Questi bruchi si sviluppano sui rami degli alberi in particolare dei pini dove formano un nido “cotonoso” e si nutrono delle piante in cui vivono.

I peli urticanti sono dotati di spicole che si agganciano ai tessuti degli animali con cui vengono a contatto ma possono anche staccarsi dalla cuticola dell'insetto e venire trasportate con il vento e dare reazioni infiammatorie “a distanza” a livello di congiuntiva, apparato respiratorio e gastroenterico dei malcapitati.

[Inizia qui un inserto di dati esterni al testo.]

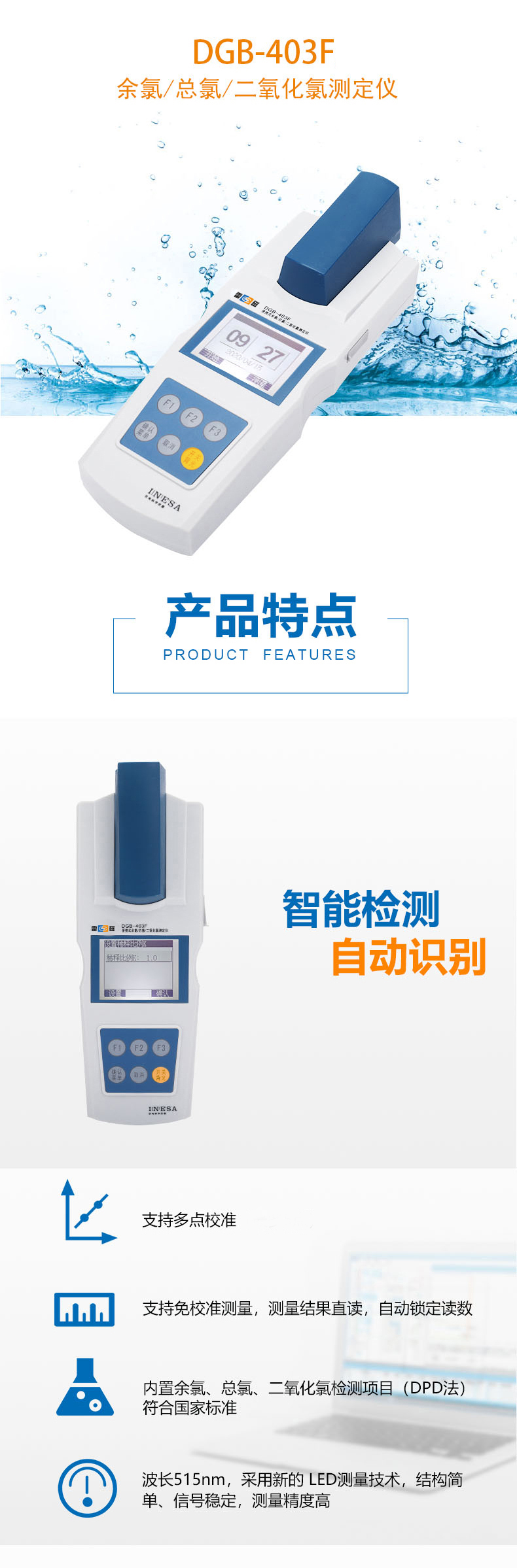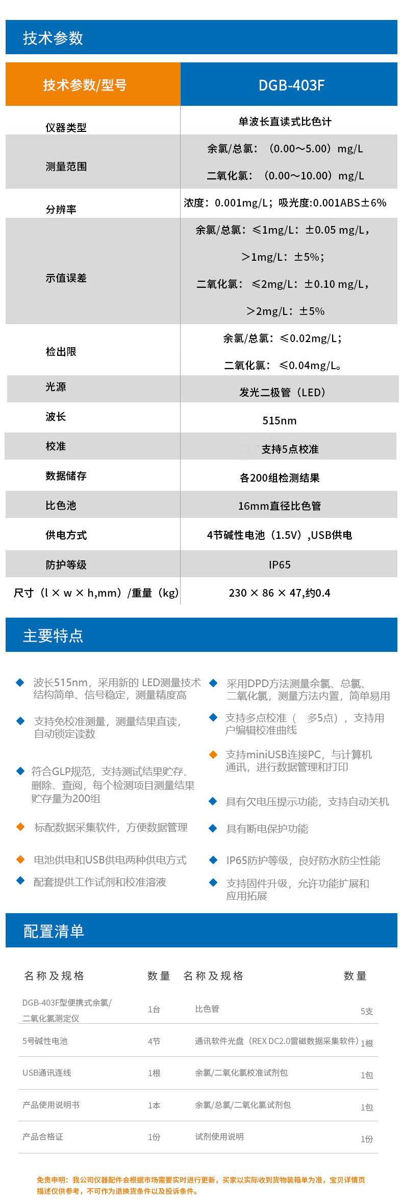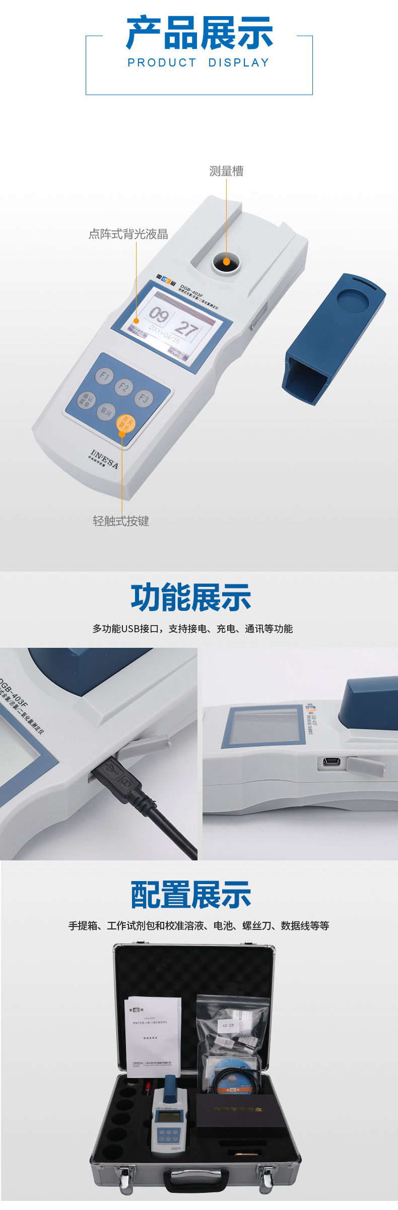 雷磁(leici)水質分析儀DGB-403F型便攜式余氯二氧化氯測定儀標配套裝
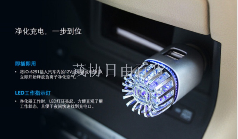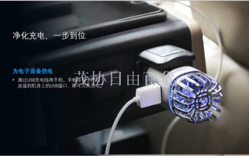 Car air purifier car charger 5 V2A mobile phone high-speed charging dual USB cigarette lighter

Le reazioni possono andare dall'eritema, all'edema, alla necrosi fino allo shock anafilattico.

 

I nostri animali da compagnia sono molto predisposti al contatto con la processionaria e le lesioni cutanee ed orali sono sicuramente le più frequenti. I cani possono presentare scialorrea, abbattimento del sensorio, vomito, diarrea, glossite, esofagite e necrosi della lingua. Se i bruchi vengono inghiottiti possono causare gravi infiammazioni all'esofago e allo stomaco.

 

La prima cosa e la più importante, è lavare il cavo orale o la cute interessata con abbondante acqua e bicarbonato facendo molta attenzione e indossando dei guanti per non venire a contatto con le sostanze presenti. Importante inoltre è rivolgersi al veterinario per le cure necessarie.

L'omeopatia può essere d'aiuto in questi casi somministrando all'animale 2 importanti rimedi quali Cantharis vesicatoria 30 ch e Secale cornutum 30 ch per alleviare il dolore e prevenire i danni dovuti al violento fenomeno infiammatorio e la necrosi dei tessuti.

 

Sotto 2 foto di soggetti che sono venuti a contatto con la processionaria

infiammazione della lingua dermatite del padiglione auricolare

 

 

Nell'uomo è bene rimuovere i peli urticanti applicando magari sulla cute della carta adesiva, lavare la cute con acqua e bicarbonato, spazzolare i capelli, togliere i vestiti per poi lavarli alla temperatura più alta possibile.
Nel caso di contatto con gli occhi usare abbondante acqua ed effettuare una visita oculistica per valutare che non ci siano rimasti peli a livello congiuntivale o corneale. 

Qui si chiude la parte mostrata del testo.